---- DATA SECTION

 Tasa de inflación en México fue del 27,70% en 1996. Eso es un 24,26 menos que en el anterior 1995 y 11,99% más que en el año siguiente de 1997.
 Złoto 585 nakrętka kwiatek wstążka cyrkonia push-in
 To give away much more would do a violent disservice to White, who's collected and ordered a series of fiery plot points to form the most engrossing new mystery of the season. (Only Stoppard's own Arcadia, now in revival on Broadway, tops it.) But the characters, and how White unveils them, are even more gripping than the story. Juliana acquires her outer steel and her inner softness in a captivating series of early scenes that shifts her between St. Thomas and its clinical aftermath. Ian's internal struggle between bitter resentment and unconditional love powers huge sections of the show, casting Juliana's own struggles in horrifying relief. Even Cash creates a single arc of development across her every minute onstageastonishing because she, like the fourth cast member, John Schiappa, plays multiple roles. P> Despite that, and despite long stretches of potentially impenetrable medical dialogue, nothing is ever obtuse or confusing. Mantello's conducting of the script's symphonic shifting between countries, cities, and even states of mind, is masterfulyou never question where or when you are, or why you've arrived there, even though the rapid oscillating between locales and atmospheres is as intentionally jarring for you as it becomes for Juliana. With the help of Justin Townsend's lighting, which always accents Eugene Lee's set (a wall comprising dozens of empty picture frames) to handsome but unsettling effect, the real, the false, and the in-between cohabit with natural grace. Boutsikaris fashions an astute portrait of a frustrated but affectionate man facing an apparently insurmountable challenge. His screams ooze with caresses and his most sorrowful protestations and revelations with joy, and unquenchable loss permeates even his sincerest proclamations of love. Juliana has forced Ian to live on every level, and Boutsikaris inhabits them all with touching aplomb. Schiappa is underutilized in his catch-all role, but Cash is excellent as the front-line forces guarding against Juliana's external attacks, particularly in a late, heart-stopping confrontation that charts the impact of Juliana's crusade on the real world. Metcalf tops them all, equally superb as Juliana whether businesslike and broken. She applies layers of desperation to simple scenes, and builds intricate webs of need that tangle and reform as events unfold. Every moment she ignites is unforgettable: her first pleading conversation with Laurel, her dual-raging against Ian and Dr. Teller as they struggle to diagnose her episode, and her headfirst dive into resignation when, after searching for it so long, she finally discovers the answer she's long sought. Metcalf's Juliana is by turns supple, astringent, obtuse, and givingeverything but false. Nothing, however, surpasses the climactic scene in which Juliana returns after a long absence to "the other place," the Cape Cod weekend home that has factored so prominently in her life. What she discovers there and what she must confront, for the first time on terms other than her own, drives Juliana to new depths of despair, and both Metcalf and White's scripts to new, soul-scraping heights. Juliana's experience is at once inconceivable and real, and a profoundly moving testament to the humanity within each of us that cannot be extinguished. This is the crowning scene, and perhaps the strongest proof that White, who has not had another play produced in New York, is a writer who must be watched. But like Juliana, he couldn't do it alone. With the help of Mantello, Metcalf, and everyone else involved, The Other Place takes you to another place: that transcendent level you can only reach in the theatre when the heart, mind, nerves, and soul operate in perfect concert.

--------
---- DATA SECTION

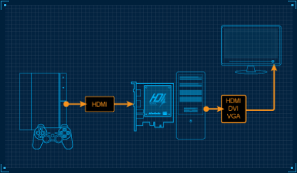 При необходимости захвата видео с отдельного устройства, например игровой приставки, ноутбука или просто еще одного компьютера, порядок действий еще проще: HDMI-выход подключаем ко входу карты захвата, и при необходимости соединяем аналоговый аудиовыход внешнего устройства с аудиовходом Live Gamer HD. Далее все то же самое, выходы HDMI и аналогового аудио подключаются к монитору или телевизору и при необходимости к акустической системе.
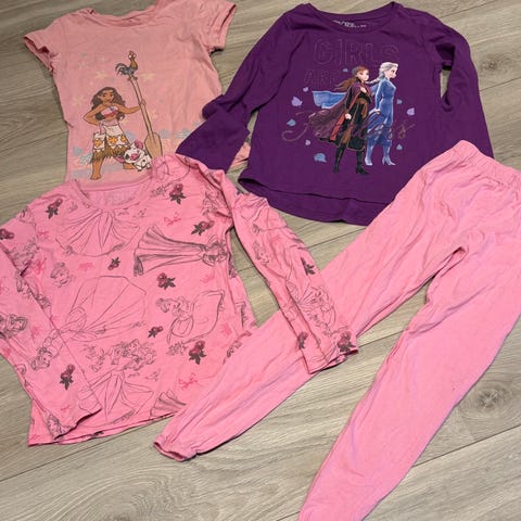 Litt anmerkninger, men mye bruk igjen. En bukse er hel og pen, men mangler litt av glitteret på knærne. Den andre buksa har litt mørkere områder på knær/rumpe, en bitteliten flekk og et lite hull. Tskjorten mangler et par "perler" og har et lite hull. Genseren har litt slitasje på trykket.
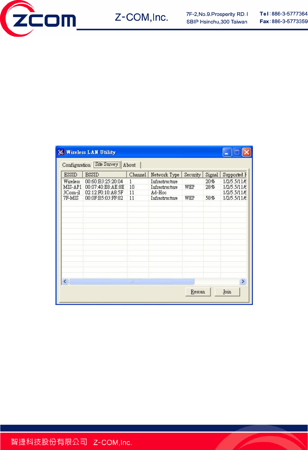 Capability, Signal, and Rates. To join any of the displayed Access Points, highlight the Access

--------

§ EXERCISE DETAILS: Would you restate, exactly and with no pictures, the lines of the entries above from the one containing "Litt anmerkninger, men" through the one containing "Capability, Signal, and"?

§ OUTPUT:
 Litt anmerkninger, men mye bruk igjen. En bukse er hel og pen, men mangler litt av glitteret på knærne. Den andre buksa har litt mørkere områder på knær/rumpe, en bitteliten flekk og et lite hull. Tskjorten mangler et par "perler" og har et lite hull. Genseren har litt slitasje på trykket.
 Capability, Signal, and Rates. To join any of the displayed Access Points, highlight the Access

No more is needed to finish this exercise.